Top of Dataset content

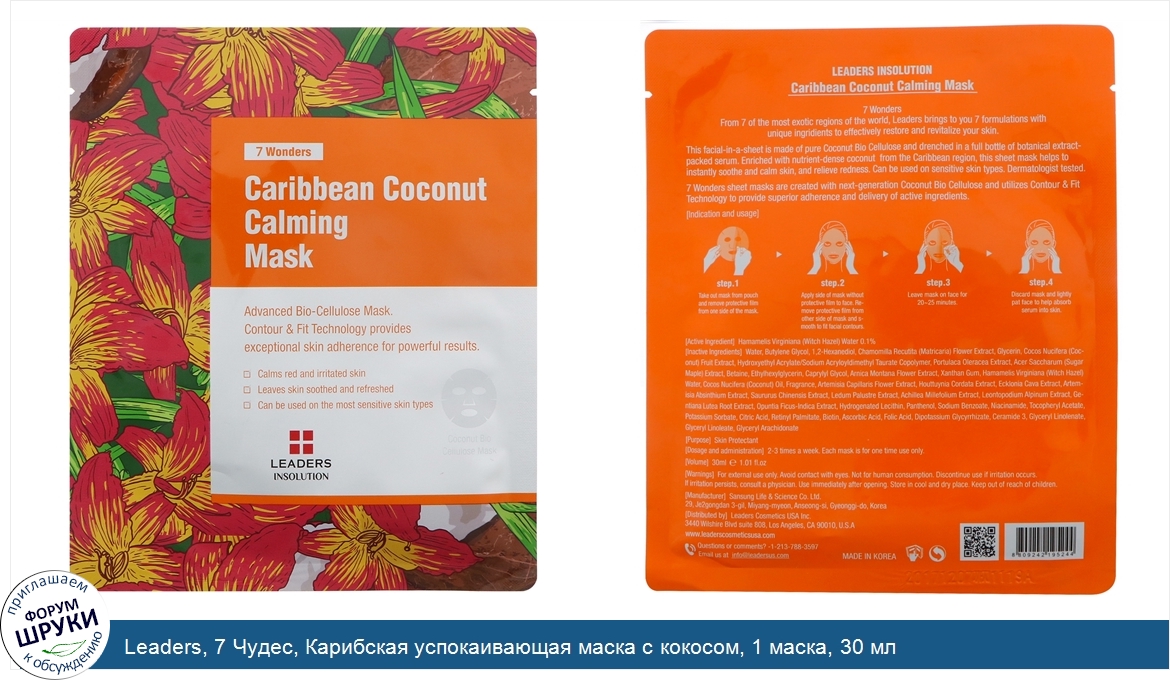 Друзья, если у вас есть отзыв/дополнение/комментарий/вопрос относительно Leaders, 7 Чудес, Карибская успокаивающая маска с кокосом, 1 маска, 30 мл - напишите его ответом в эту тему (это будет полезно всему сообществу в целом и вам в отдельности).
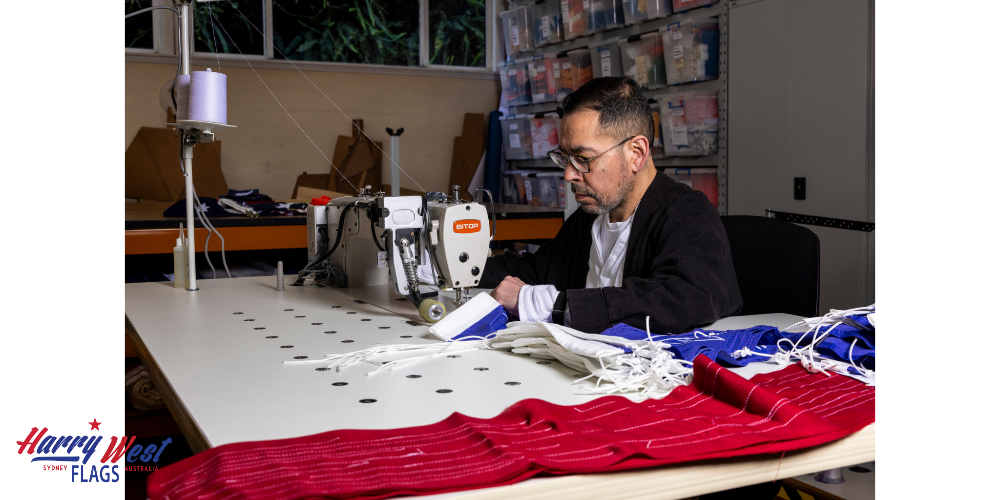 Harry West Flags specializes in custom fully sewn flags, crafted using the traditional appliqué process. Each flag is100% handmade, ensuring unmatched quality, durability, and elegance. Our skilled flag makers carefully layer fabric and apply precision stitching to create intricate, long-lasting designs that stand the test of time.
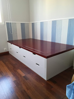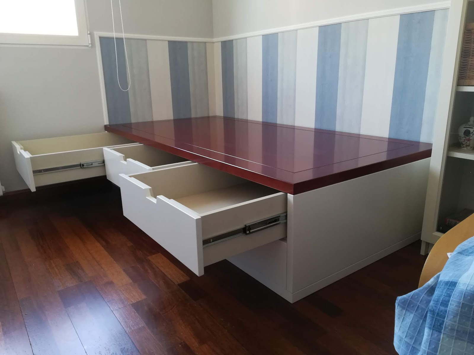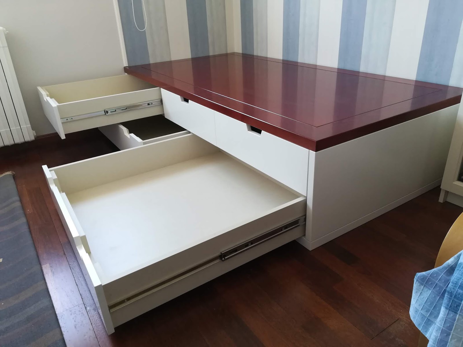 Camas por Carpintero en Zaragoza. Muebles cansado | 1 Dic 2019 | Cajones y cajoneras, Camas, Lacados, MaderasCama compacta con varios cajones contenedores bajo soporte lacada en blanco y tapa barnizada en color según muestra. Interiores de cajones en melamina. Realizada en mayo 2018 y entregada en zona de San Jose en Zaragoza.
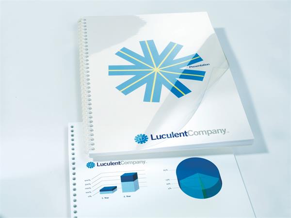 Az áttetsző előlap modern külsőt kölcsönöz a bekötött dokumentumnak és védi a lapokat a sérülésektől.
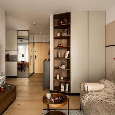 Większość mebli powstała na wymiar, dzięki czemu każdy centymetr został dobrze wykorzystany. Zabudowa w strefie wejścia płynnie przechodzi w kuchnię, w sypialni oprócz szafy znalazł się ciąg szafek nad łóżkiem, a w salonie pojemna szafa, regał i niewielkie miejsce do pracy.
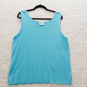 Louis Dell Olio, Whisper Knit, Aqua Tank, Sleeveless Knit Top, Scoop Neck, Plus Size 1X, Cotton Feel, Lightweight Knit, Soft Girl Style, Capsule Piece
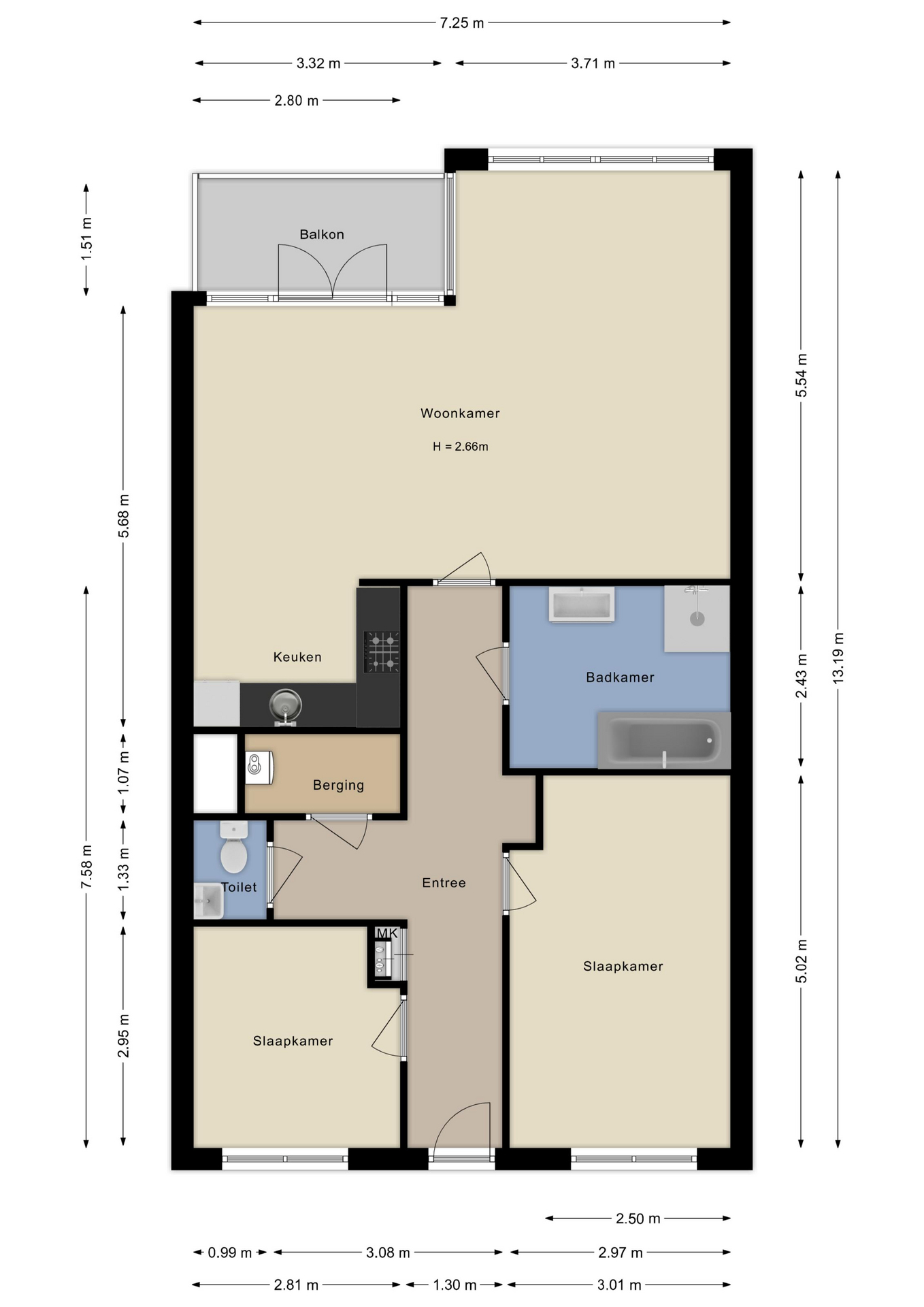 Entree, meterkast, toilet, video-intercom, hal vanwaar ieder vertrek te bereiken is. Er bevinden zich een tweetal slaapkamers in het appartement die allebei aan de galerij zijde zijn gesitueerd.

Bottom of Dataset content

§ **Exercise brief**:
Restate word for word the lines starting at the one that contains "Az áttetsző előlap" and ending at the last line of the data. Skip every picture.

§ **Exercise answer**:
 Az áttetsző előlap modern külsőt kölcsönöz a bekötött dokumentumnak és védi a lapokat a sérülésektől.
 Większość mebli powstała na wymiar, dzięki czemu każdy centymetr został dobrze wykorzystany. Zabudowa w strefie wejścia płynnie przechodzi w kuchnię, w sypialni oprócz szafy znalazł się ciąg szafek nad łóżkiem, a w salonie pojemna szafa, regał i niewielkie miejsce do pracy.
 Louis Dell Olio, Whisper Knit, Aqua Tank, Sleeveless Knit Top, Scoop Neck, Plus Size 1X, Cotton Feel, Lightweight Knit, Soft Girl Style, Capsule Piece
 Entree, meterkast, toilet, video-intercom, hal vanwaar ieder vertrek te bereiken is. Er bevinden zich een tweetal slaapkamers in het appartement die allebei aan de galerij zijde zijn gesitueerd.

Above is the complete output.